Wednesday, May 21, 2014

This Week...

I had to take some time off because I got sick. Just a cold, but I want to get healed up as quickly as possible and that means not working out doing being active for a while. My immune system will need all of my energy!

I hope I get better soon as I really don't like not working out.

Anyway, despite being sick I've been feeling really good lately. I don't know if it's because my blood sugar stabilized after the surgery or just all the endorphins that my body keeps releasing from working out, but I've been very happy lately. I notice I treat people nicer, give them compliments, or try to make them feel good. I don't totally hate talking to complete strangers anymore.

And all the confidence. I have, ALL of the confidence.

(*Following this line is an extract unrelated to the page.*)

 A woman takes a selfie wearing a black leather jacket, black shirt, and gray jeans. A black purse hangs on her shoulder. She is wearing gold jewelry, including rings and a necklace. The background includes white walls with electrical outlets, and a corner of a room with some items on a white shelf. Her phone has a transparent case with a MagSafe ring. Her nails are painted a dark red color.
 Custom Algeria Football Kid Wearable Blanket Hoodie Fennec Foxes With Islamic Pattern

Despite this, I do have one problem that needs to be dealt with.

I'm an alcoholic.

I was a borderline alcoholic before my surgery, and I lied about my drinking just so I could get the surgery in the first place. Then after the surgery I just became a high-functioning alcoholic. I would quit drinking for a week or a few days at a time, but eventually I'd go back to my habit of getting drunk on a nightly basis.

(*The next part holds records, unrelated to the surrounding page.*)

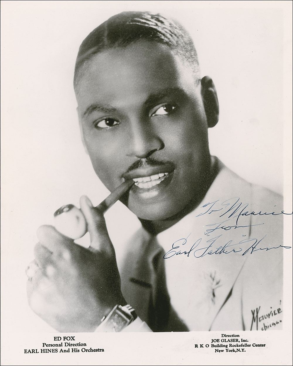 Vintage pearl-finish 8 x 10 promotional photo of Hines smoking a pipe, signed and inscribed in fountain pen, "To Maurice, From Earl 'Father' Hines." Affixed to a same-size cardstock mount. In fine condition.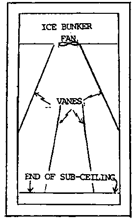 Back of Room - an electric fan motor is commonly mounted inside the cold room, fan capacity (CFM= cubic feet/min) should at least equal the empty volume of-the room (i.e. 12x8x8=768 cu ft., so, 768 CFM in minimal. more is better. for this room)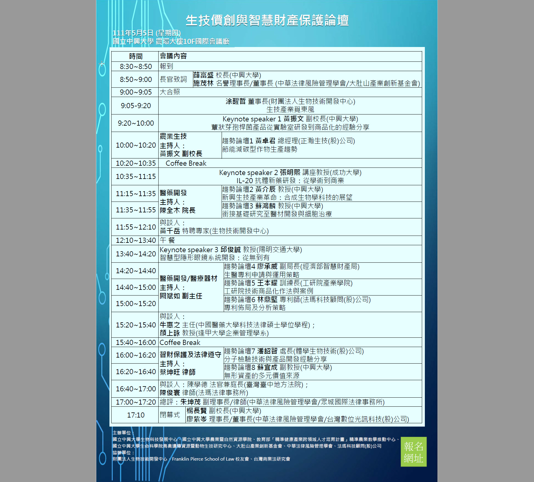本所與中興大學111/5/5 舉辦生技價創與智慧財產保護論壇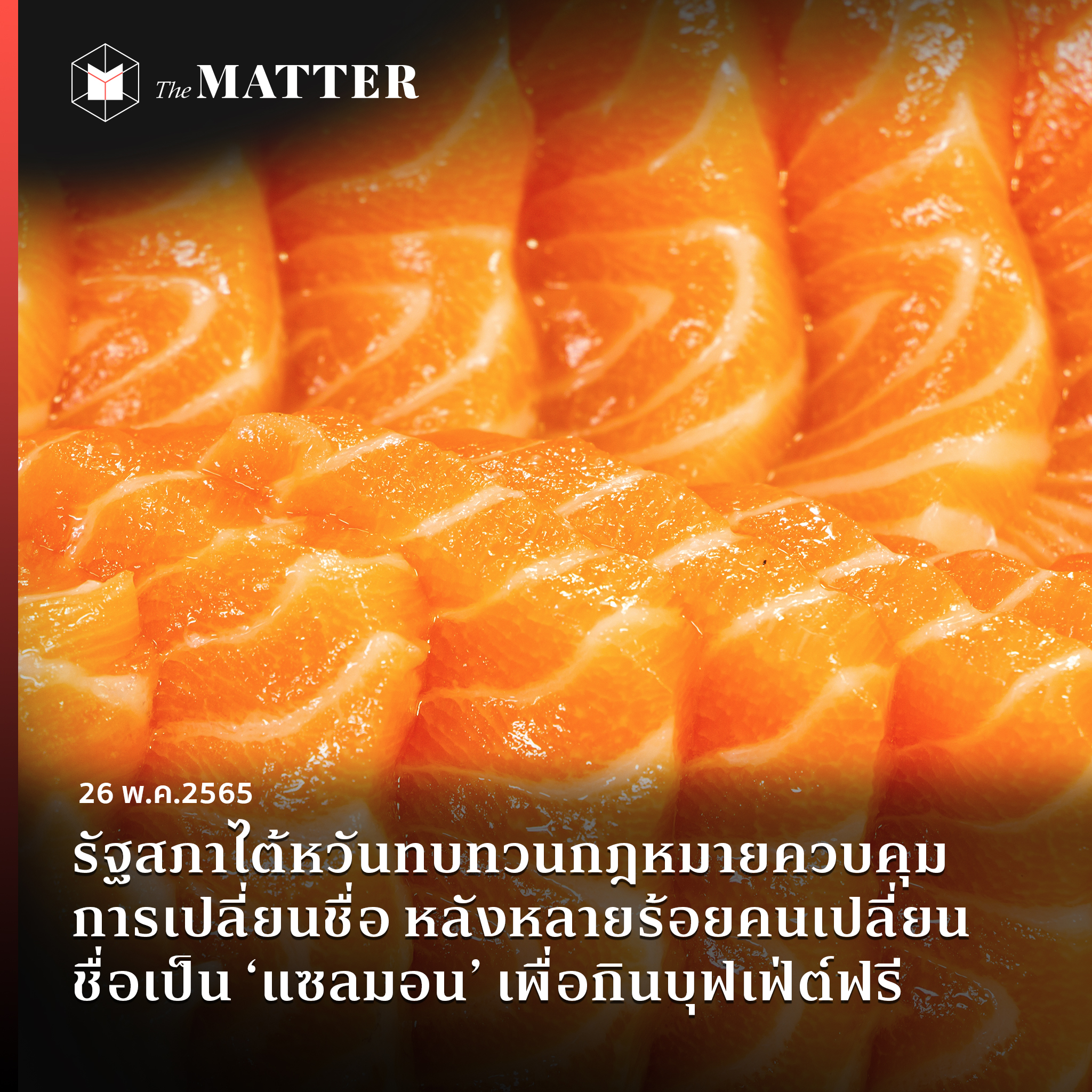 บางครั้งต้นตอของการออกกฎหมายก็อาจมาจาก ‘ปลาส้ม’ หรือแซลมอน… รัฐสภาไต้หวันกำลังถกเถียงกันถึงการแก้กฎหมายที่ห้ามไม่ให้บุคคลเปลี่ยนชื่อเกิน 3 ครั้ง หลังจากระบบราชการของไต้หวันต้องแบกภาระ เพราะมีคนจำนวนมากเปลี่ยนชื่อให้เกี่ยวกับแซลมอน เพื่อกินบุฟเฟ่ต์ฟรี

For the past few months I didn't care about being an alcoholic, considering I was high functioning, wasn't violent, and didn't drink unless it was my off time. But then I read this story:

This weekend, Sum 41 frontman Deryck Whibley announced that he is being treated in hospital after alcoholism “finally caught up” with him. 
“Hey everyone, it’s Deryck here. Sorry I’ve been so m.i.a. lately, but I’ve been very sick in the hospital for a month and was pretty sick for a few weeks leading up to my trip to the hospital,” he wrote. “The reason I got so sick is from all the hard boozing I've been doing over the years. It finally caught up to me.” 
He told of how he was “drinking hard every day” until one evening he poured himself another drink and sat down to watch a film when he collapsed unconscious. 
“I was stuck with needles and IV’s all over. I was completely sedated the FIRST WEEK. When I finally woke up the next day I had no idea where I was. My mum and step dad were standing over me. I was so freaked out. My liver and kidney’s collapsed on me. Needless to say it scared me straight.”

He's only a year older than me. Jesus...

I got my surgery because I knew that I'd be dead before I was 40 if I didn't lose weight. If I don't deal with my alcoholism, I may still be dead before I'm 40.

So I have to find a way to fix this. AA isn't going to help me. I tried Overeater's Anonymous and they use the Alcoholics Anonymous handbook. It didn't help, mostly due to the fact that everything in that book says that you have to "turn your life over to God". When you don't believe in God, it doesn't do you much good. It's even off-putting to hear that.

But there are other ways to get help. There's plenty of pills out there that make it so you won't crave alcohol anymore. If I can find a secular group around here (fat chance, but I'm looking), I'll join it. I have to see the doctor soon to see what can be done. Good thing I have insurance!